Researchers at AI Now Institute demonstrated a proof-of-concept attack called 'Friendly Fire' that tricks autonomous AI coding agents from Anthropic and OpenAI into executing malicious code whilst ostensibly scanning for vulnerabilities. The attack exploits the agents' self-approval mechanisms when operating without human oversight.

S
Sebastion

Affected

Anthropic Claude CodeOpenAI Codex

The 'Friendly Fire' attack exploits a fundamental trust assumption in autonomous AI coding agents: that code presented for security analysis is inherently benign. By embedding carefully crafted prompts or obfuscated payloads within open-source repositories or code submissions, attackers can manipulate Claude Code and Codex into executing arbitrary commands on the host system when these agents operate in autonomous mode without human approval gates.

The technical mechanism relies on the agents' natural language understanding being insufficient to distinguish between legitimate code review tasks and attacker-controlled instructions. When an agent is tasked with scanning for vulnerabilities, it may execute code as part of its analysis workflow, setting up environments, running test cases, or demonstrating proof-of-concept exploits. An attacker can craft malicious code that, when analysed, triggers execution of hidden payloads through comment-based instructions, conditional logic, or obfuscation patterns the agent's safety filters fail to catch.

This attack pattern is particularly dangerous because it inverts the typical security model: tools designed to protect codebases become vectors for compromise. Organisations deploying these agents for continuous security scanning of dependencies or pull request analysis could inadvertently grant remote code execution capabilities to threat actors who inject payloads into upstream dependencies or forked repositories. The attack is especially effective against agents operating in 'self-approval' mode, where the autonomous system makes decisions without requiring human review of its actions.

Defenders should immediately restrict autonomous mode deployment of AI coding agents to isolated, ephemeral environments with network segmentation and minimal filesystem permissions. Code analysis workflows should require human approval before any executable operations occur. Organisations using Claude Code or Codex should implement sandboxing, disable self-approval mechanisms, and monitor execution logs for suspicious pattern matches. Additionally, security teams should treat AI agent outputs with the same scrutiny as third-party code, never assume a tool's analysis implies safety.

The broader implication is that security automation itself has become an attack surface.

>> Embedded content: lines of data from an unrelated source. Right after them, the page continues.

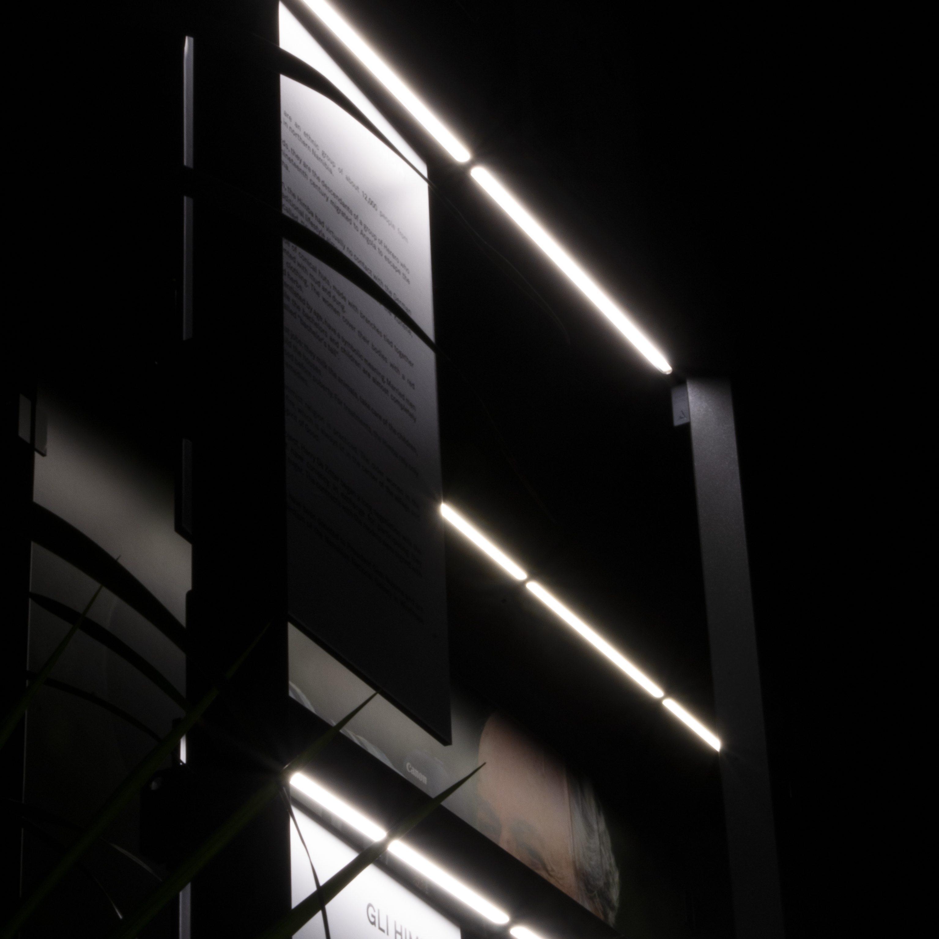 The system has been carefully customized for the collection, highlighting the contrast between the 18th-century frescoed location and our modern and innovative solutions. With the room left in semidarkness, TondoQuadro’s premium quality light makes the dramatic tones of the photographs stand out in a unique way, creating an elegant atmosphere.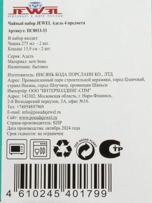 Чайная пара фарфор, 4 предмета, на 2 персоны, 275 мл, Jewel, Адель, ПС0013-33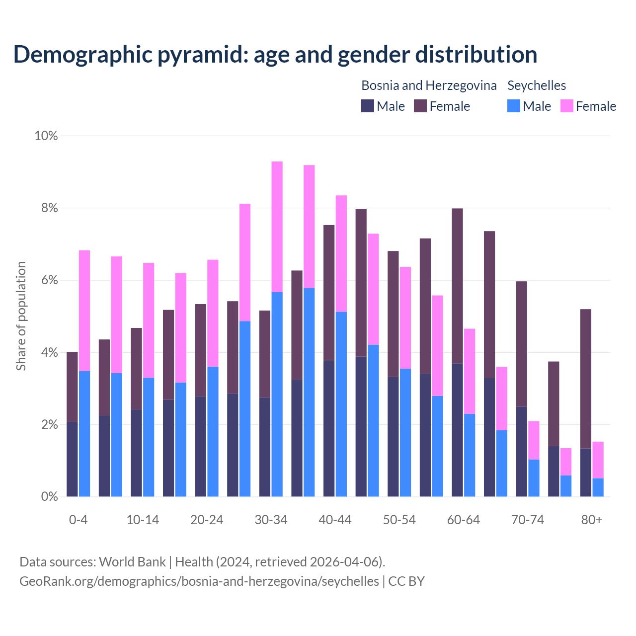 Demographics of Bosnia and Herzegovina compared to the Seychelles: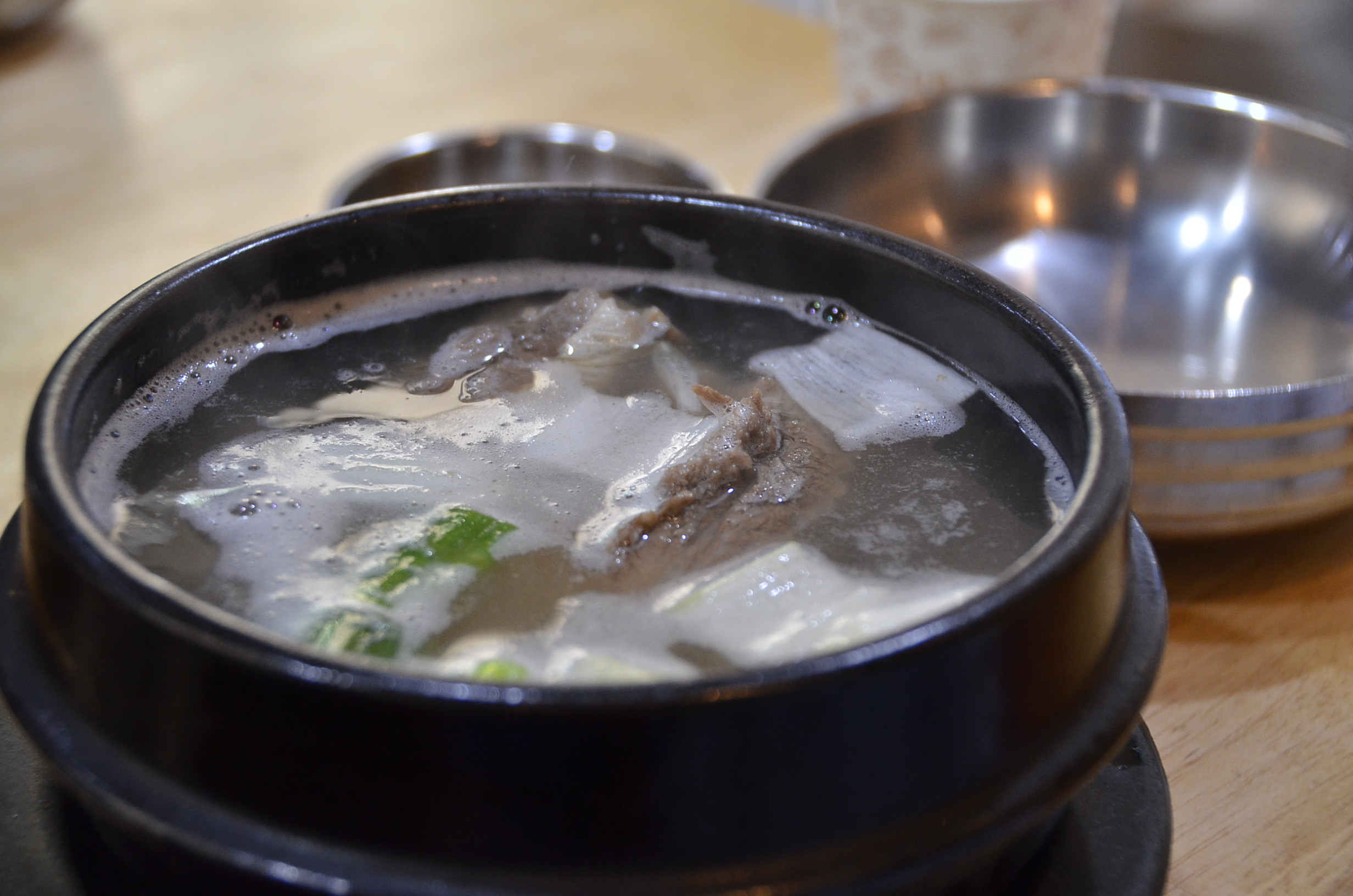 파를 넣기전의 아들앞에 놓인 뽀얀 설렁탕입니다. 저는 이 설렁탕을 너무나 사랑합니다. 깍두기 국물도 넣어먹어도 되고 김치도 넣어먹어도 되는 무엇이든 잘어울리는 설렁탕입니다.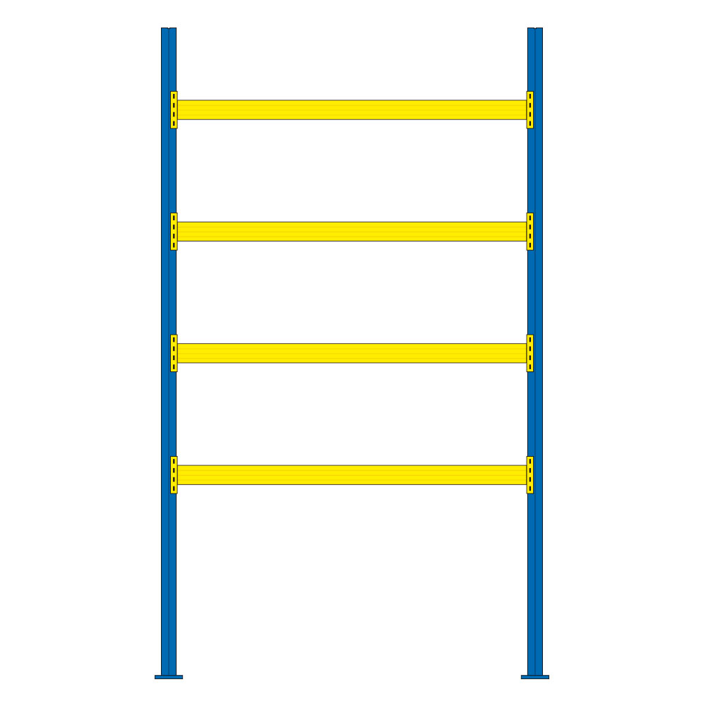 Praktisches Großfachregal für Paletten, Gitterboxen und Behälter. Mit diesem Regalsystem steht Ihnen ein leistungsstarkes und praxisbewährtes Produkt zur Auswahl. Die Stützenprofile sind aus hochfestem Stahl geformt und erhalten durch ihre spezielle Profilierung eine sehr hohe Steifigkeit. Sie werden durch Diagonal- und Horizontalstreben zu einem Fachwerkrahmen verschraubt. Die Anlieferung bei Ihnen erfolgt zerlegt. Die steckbaren Tragbalken gewährleisten eine einfache und schnelle Montage und kurze Umbauzeiten. Sie sind auch nachträglich im Raster von 50 mm in der Höhe verstellbar. Das praxisgerechte Zubehör ermöglicht den betrieblichen Erfordernissen leicht anpassbare Lösungen. Dieses Regalsystem ist mit allen Stapelgeräten bedienbar. Regalstützen blau RAL 5010, Fachwerk verzinkt, Tragbalken goldgelb RAL 1004 kunststoffbeschichtet.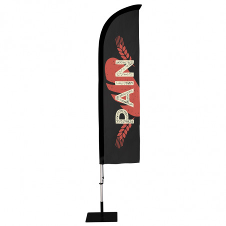 . Un mât d’une hauteur de 2.80 m, une voile personnalisée 220X50 cm dotée d’un fourreau noir, un pied carré robuste en acier noir 40x40 cm (6.5 kg)

As organisations increasingly delegate security operations to AI systems, adversaries will target these agents as high-value compromises: a single successful injection into a CI/CD pipeline running an autonomous agent could compromise hundreds of dependent systems. This demonstrates the critical importance of maintaining human-in-the-loop controls for any automated system with code execution privileges, regardless of its stated security purpose.